Personal life
- Born: c. 1256 Safad near Damascus, Syria
- Died: 1327 (aged 70–71) Safad, Syria
- Era: Islamic Golden Age
- Region: Caliphate

Religious life
- Religion: Islam
- Denomination: Sunni

= Ibn Abi Talib al-Dimashqi =

Syrian Sunni theologian (1256–1327)

Ibn Abi Talib al-Dimashqi (full Arabic name: Shams al-Dīn Abū ʿAbd Allāh Muḥammad ibn Abī Ṭālib al-Anṣārī al-Dimashqī, شمس الدين أبو عبد الله محمد بن أبي طالب الأنصاري الدمشقي), c. 1256–1327, was a Syrian scholar and theologian of Islam.

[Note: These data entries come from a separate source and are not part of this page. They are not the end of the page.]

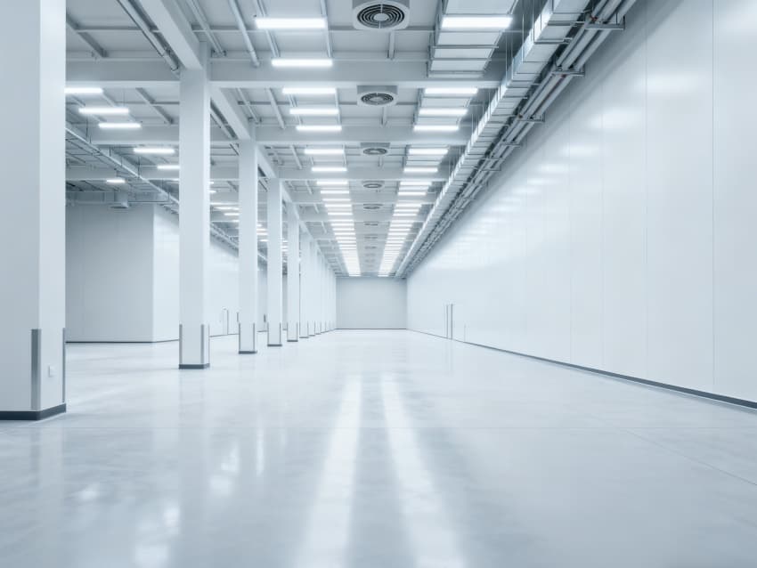 內部6個生產車間均為無設備空曠布局,按工業級潔凈與承重標準建設:地面鋪設耐磨防靜電環氧地坪,墻面采用白色環保潔凈墻板,陰陽角做圓弧處理減少積塵;柱網間距達10米,預留設備安裝與物流通道空間;頂部整合恒溫恒濕新風系統與節能LED照明,管線暗藏于吊頂內,避免空間雜亂;車間之間通過通透玻璃隔斷銜接,進一步強化整體空曠感,為新能源產品規?;a、柔性產線調整提供高效、潔凈的空間支撐。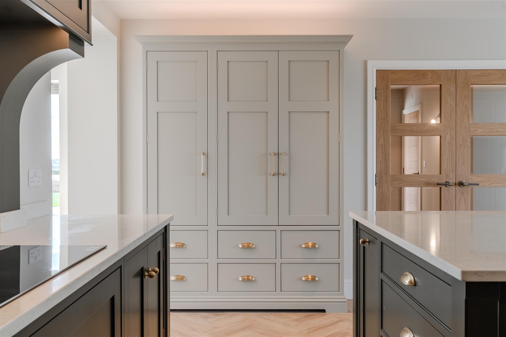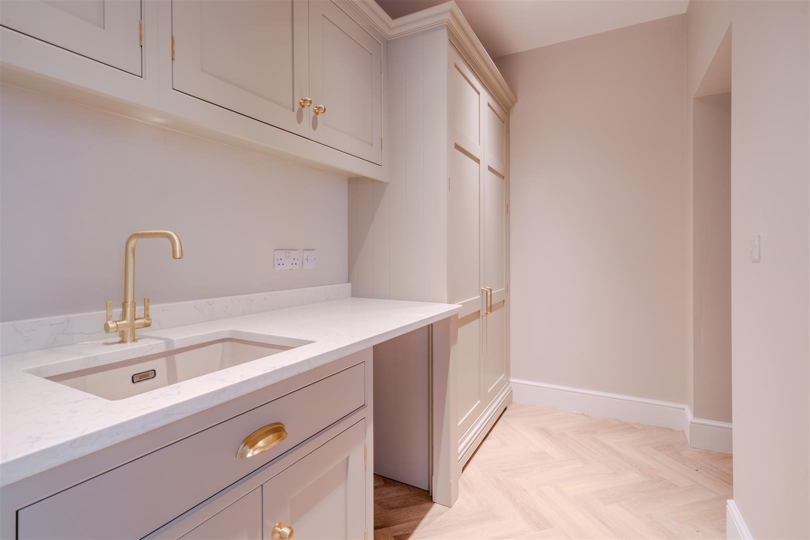 - Bespoke Pre Eminance island kitchen with hi-spec integrated appliances, quartz worktops and separate utility room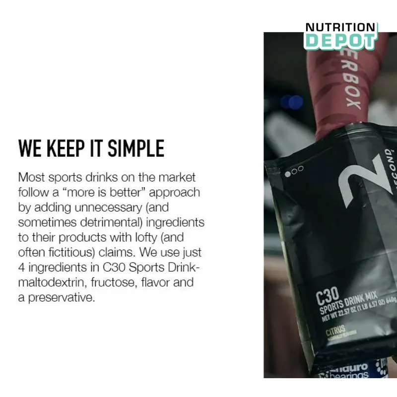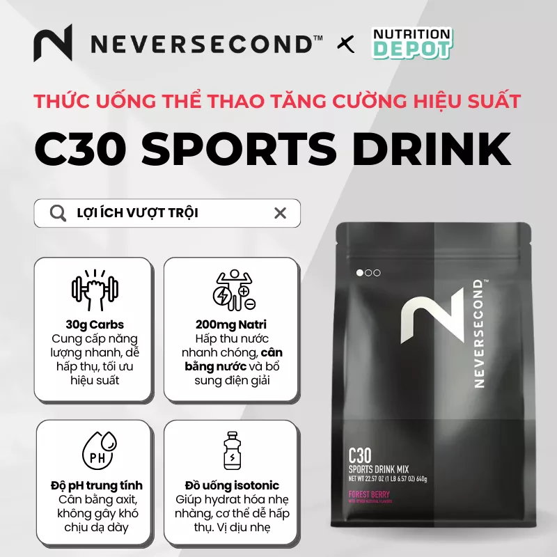 Một loại đồ uống thể thao đơn giản được tạo ra từ chỉ 4 nguyên liệu – maltodextrin, fructose, hương vị tự nhiên và natri. Thức uống thể thao C30 của Neversecond đã tái định nghĩa lại những gì mà một đồ uống thể thao nên có. Đó là một hỗn hợp thức uống dạng bột được công thức hóa với tỷ lệ 2:1 giữa Maltodextrin và Fructose, với hương vị nhẹ nhàng thanh mát và độ pH trung tính để giảm nguy cơ rối loạn dạ dày. C30 SPORT DRINK chỉ chứa những gì bạn cần, ở tỷ lệ chính xác, giúp bạn đạt hiệu suất tối ưu.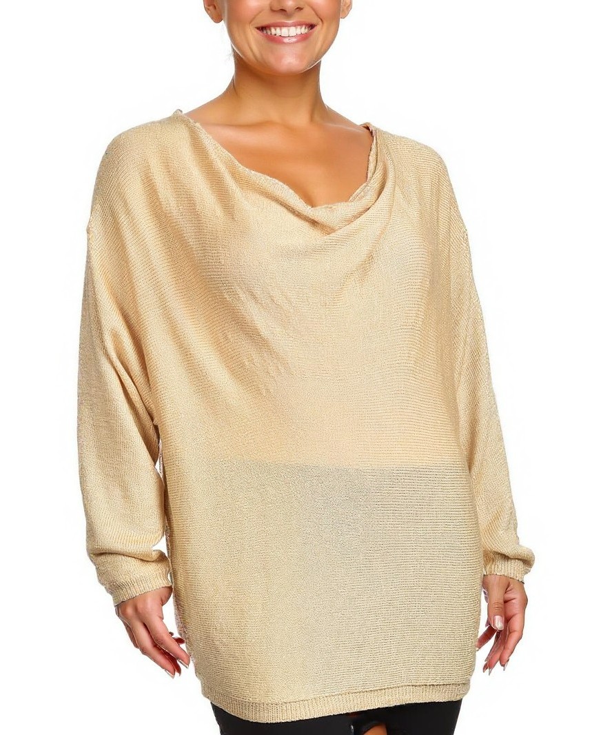 Елегантен дамски пуловер в цвят шампанско, свободен силует с ефектно водопадно деколте и дълги ръкави. Мека, лека трикотажа за стилен и удобен ежедневен аутфит. Подходящ за дънки пола и елегантни обувки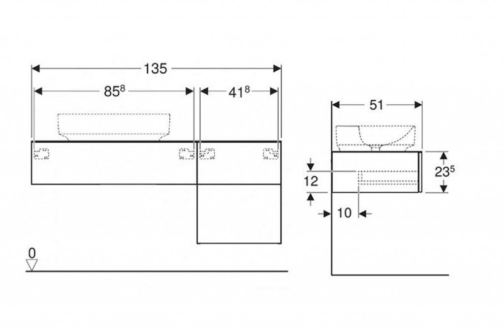 - umyvadlo je možné namontovat vlevo nebo vpravo
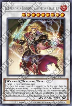 1 Tuner + 1+ non-Tuner monsters If an Equip Card becomes equipped to a monster on the field, even during the Damage Step: You can destroy 1 card on the field. During the End Phase: You can equip 1 Equip Spell from your hand or GY to this card, then you can equip 1 FIRE Warrior monster from your Deck to this card as an Equip Spell that gives it 500 ATK. You can only use each effect of "Infernoble Knight Emperor Charles" once per turn.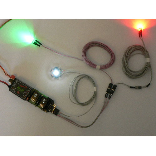 Obvod zábleskových světel bliká se sekundovou frekvencí. Propojkou je možné nastavit počet za sebou jdoucích záblesků. Rozpojeno = 1 záblesk, propojka na "2x" = 2 záblesky, propojka na "3x" = 3 záblesky. Propojkou "3p" se volí režim ovládání světel. Rozpojená propojka nastaví režim dvou-polohového ovládání (FLY, LAND). V tomto režimu poziční a záblesková světla svítí trvale a přistávací světla jsou ovládána z vysílače. V třípolohovém režimu (OFF, FLY, LAND) je standardní rozsah výchylky serva rozdělen na tři oblasti, v první poloze jsou všechna světla vypnuta, v druhé se rozsvítí poziční a záblesková světla, ve třetí se přidají přistávací světla. Bez zapojeného konektoru přijímače pracuje jednotka jako neřízená. Pak jsou poziční a záblesková světla zapnuta trvale a propojka "3p" slouží k ručnímu ovládání přistávacích světel. Ta budou v režimu "2p" zapnutá a v režimu "3p" vypnutá.
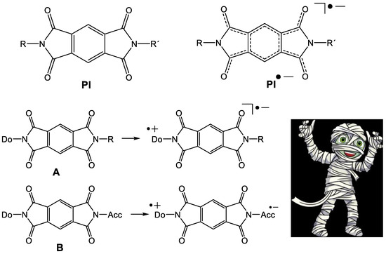 The pyromellitic acid diimide (PI) and the PI anion radical (PI•‒). A: PI with donor in a dyad. B: PI with donor and acceptor acts as a molecular wire and chemically stable molecular mummy.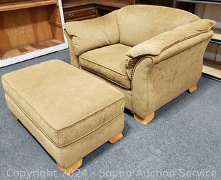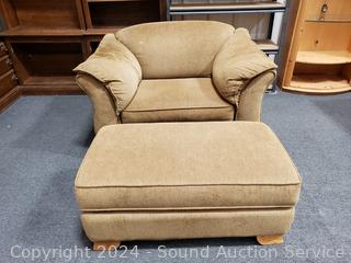 Lot #0002: Ritz Brown Upholstered Easy Chair w/Ottoman

He was born in Safad, considered in his time to be near Damascus, and remained in his hometown until his death. He worked on several subjects and served as an Imam at al-Rabwa. Ibn Abi Talib al-Dimashqi was given the titles Shaykh al-Rabwa and Shams al-Din. He likely had a son named Abd Allah, hence his kunya Abu Abd Allah.

Al-Dimashqi wrote an extended defence of Islam in response to the Letter from the People of Cyprus, itself a reworking of an earlier Letter to a Muslim Friend by the Christian bishop Paul of Antioch.